To see what happens when you access some URI, add the URI to /showrequest. Apache::ShowRequest uses PATH_INFO to obtain the URI that should be executed. So, to run /index.html with Apache::ShowRequest, issue a request for /showrequest/index.html. For /perl/test.pl, issue a request for /showrequest/perl/test.pl.

This module produces rather lengthy output, so we will show only one section from the report generated while requesting /showrequest/index.html:

Running request for /index.html
Request phase: post_read_request
  [snip]
Request phase: translate_handler
   mod_perl ....................DECLINED
   mod_setenvif ................undef
   mod_auth ....................undef
   mod_access ..................undef
   mod_alias ...................DECLINED
   mod_userdir .................DECLINED
   mod_actions .................undef
   mod_imap ....................undef
   mod_asis ....................undef
   mod_cgi .....................undef
   mod_dir .....................undef
   mod_autoindex ...............undef
   mod_include .................undef
   mod_info ....................undef
   mod_status ..................undef
   mod_negotiation .............undef
   mod_mime ....................undef
   mod_log_config ..............undef
   mod_env .....................undef
   http_core ...................OK
Request phase: header_parser
  [snip]
Request phase: access_checker
  [snip]
Request phase: check_user_id
  [snip]
Request phase: auth_checker
  [snip]
Request phase: type_checker
  [snip]
Request phase: fixer_upper
  [snip]
Request phase: response handler (type: text/html)
   mod_actions .................defined
   mod_include .................defined
   http_core ...................defined
Request phase: logger
  [snip]

For each stage, we get a report of what modules could participate in the processing and whether they took any action. As you can see, the content response phase is not run, but possible modules are listed as defined. If we run a mod_perl script, the response phase looks like:

Request phase: response handler (type: perl-script)
   mod_perl ....................defined

Stacked Handlers

With the mod_perl stacked handlers mechanism, it is possible for more than one Perl*Handler to be defined and executed during any stage of a request.
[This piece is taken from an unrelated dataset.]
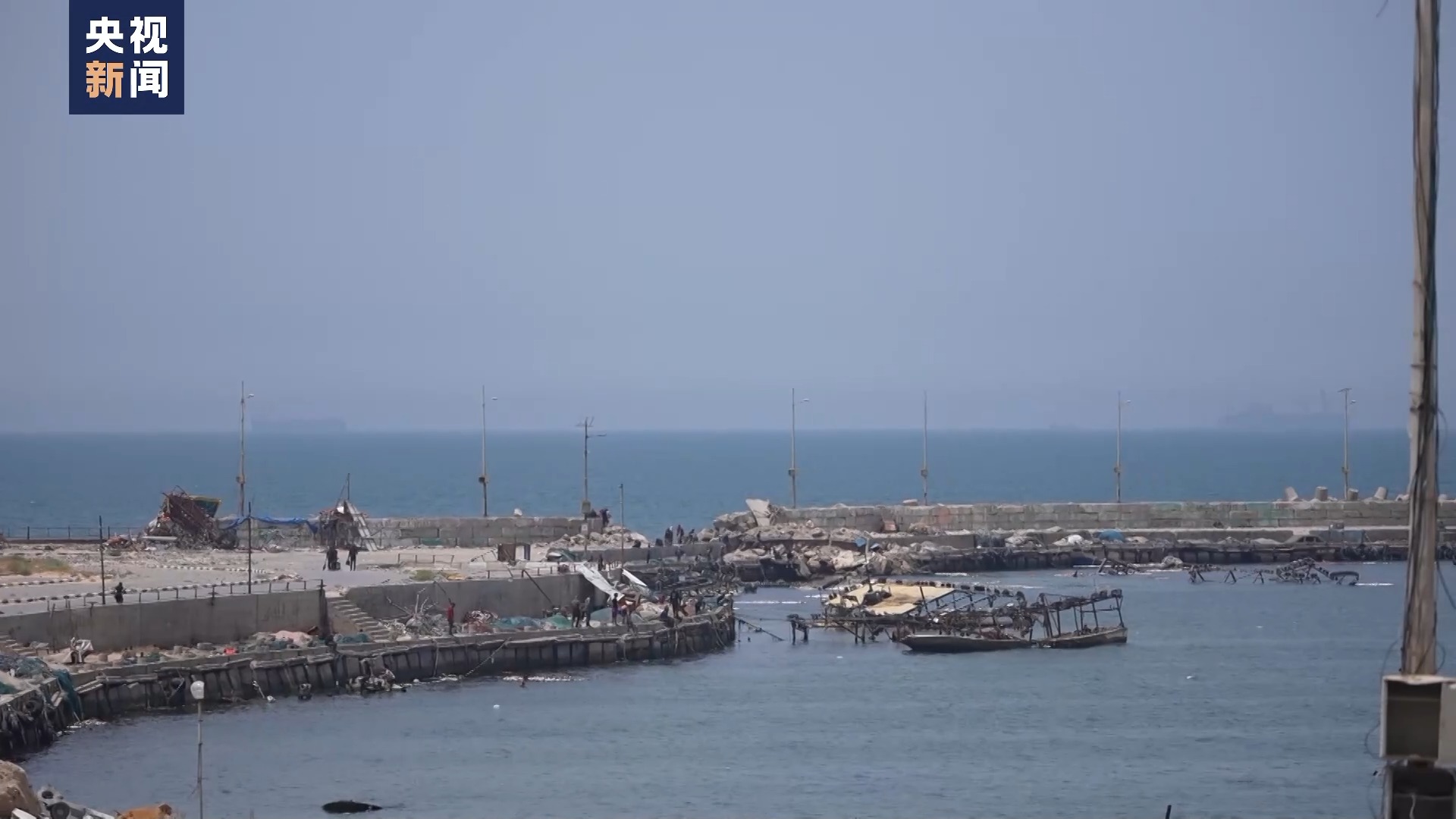 總臺報道員 奧薩馬:我們現在是在加沙城的港口附近。這是距離前往美軍浮動碼頭船只最近的地點,這個碼頭是由美國修建的,其宣稱是為了向被圍困的加沙地帶提供人道主義援助。

Perl*Handler directives can define any number of subroutines. For example:

PerlTransHandler Foo::foo Bar::bar

Foo::foo( ) will be executed first and Bar::bar( ) second. As always, if the subroutine’s name is handler( ), you can omit it.

With the Apache->push_handlers( ) method, callbacks (handlers) can be added to a stack at runtime by mod_perl modules.

Apache->push_handlers( ) takes the callback handler name as its first argument and a subroutine name or reference as its second. For example, let’s add two handlers called my_logger1( ) and my_logger2( ) to be executed during the logging phase:

use Apache::Constants qw(:common);
sub my_logger1 {
    #some code here
    return OK;
}
sub my_logger2 {
    #some other code here
    return OK;
}
Apache->push_handlers("PerlLogHandler", \&my_logger1);
Apache->push_handlers("PerlLogHandler", \&my_logger2);

You can also pass a reference to an anonymous subroutine. For example:

use Apache::Constants qw(:common);

Apache->push_handlers("PerlLogHandler", sub {
    print STDERR "_ _ANON_ _ called\n";
    return OK;
});

After each request, this stack is erased.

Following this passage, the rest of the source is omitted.